Monday, August 18, 2008

MON 8/18: "The Big Lebowski" Party, Jazz

Big Lebowski Party, Tonight
There's other stuff to do tonight, but don't you wanna hang out with hundreds of Lewbowski fans and watch the movie with them?

(If you see a big ol' dork in a purple Rock 'n Bowl shirt, don't hesitate to say hello or whatever you'd like to say...)

--------------------------------------------------------------

MON 8/18

7pm
"The Big Lebowski" Bowling Party Extravaganza
at Coolidge Corner Theatre, 290 Harvard St, Brookline
$9.75

Having a Lebowski party behind a movie theatre isn't the same as a bowling alley (like Kings last month), but this is the best damn Monday night fun to be had. After pre-gaming with some White Russians, this will get even better... Prizes will be awarded for best costume (a crowd of Dudes, Walters, and Jesuses... "Jesi...?") and Big Lebowski trivia knowledge. Other contests in previos years have included (and why not have them again?): "most convincing nihilist quip" (whip out the Nietzsche books and Cure CD's), "most impassioned Walter rant", and "toy bowling".

This movie is hilarious the first time you watch it, and there are a million things to make you laugh everytime you see it -- just ask anyone here at the 'Big Lebowski' Party.
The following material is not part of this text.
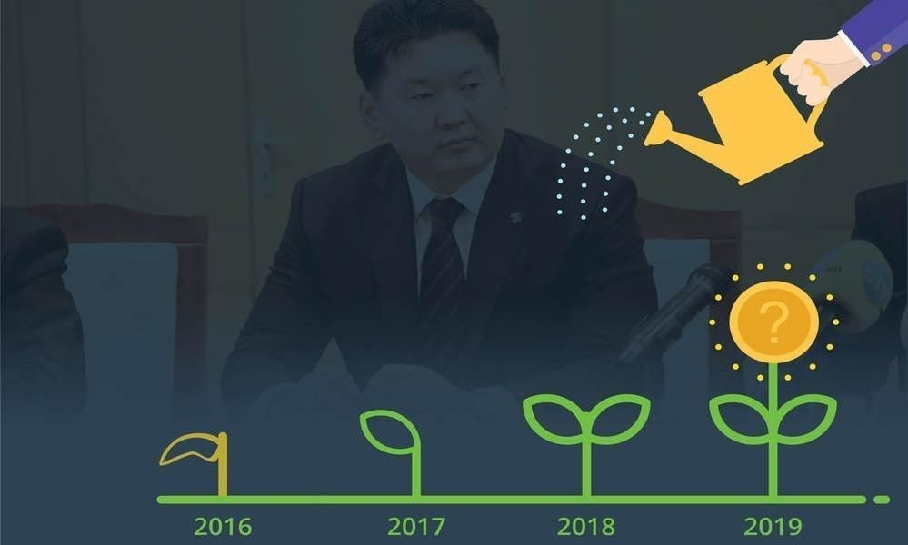 Уржигдар Ерөнхий сайд У.Хүрэлсүх Засгийн газрынхаа эхний 100 хоногийн ажлыг олон нийтэд тайлагнав. Нэг цагийн илтгэлдээ тэр 30 гол ажлаа онцолж, 2016 онд “эрчимт эмчилгээнд” орсон эдийн засгийг 2017 онд “энгийн тасагт” шилжүүлсэн бол 2018 онд энэ “хүнийг” эмнэлгээс гаргаж, гэрт нь аваачаад, эмчлээд 2019 онд ажилд нь оруулж, 2020 оноос ажлаа хийж, цалинтай тогтвортой ажиллахаар болгоно гэлээ.

Most of them could quote all the dialogue to you before the movie starts, but there’s other fun stuff to do. The movie will start around 8pm -- depending on when they can corral the audience into the theatre.

Can a cult classic be a masterpiece? It doesn't matter. The Dude abides...

MON 8/18

9:30pm to Midnight
Bitches Brew w/ Terkel Noergaard
at Church, 69 Kilmarnock St, Boston (Fenway)
$5

There's something cool about a drummer from Denmark jamming with our local electric Miles Davis -- and reaching back to the classic 50's/60's period.

1 comment:

Unknown said...

That image you've got with this image is pretty hott. "Hey baby, how bout I put on a Viking hat, and you can teach me how to bowl?" It would be esp awesome if cheezy muzak began to play for the encounter, sans accompanying regrettable pornographic-like molestation of indoor sports equipment.

Anyhow, please do take some pictures tonight and give me a full report.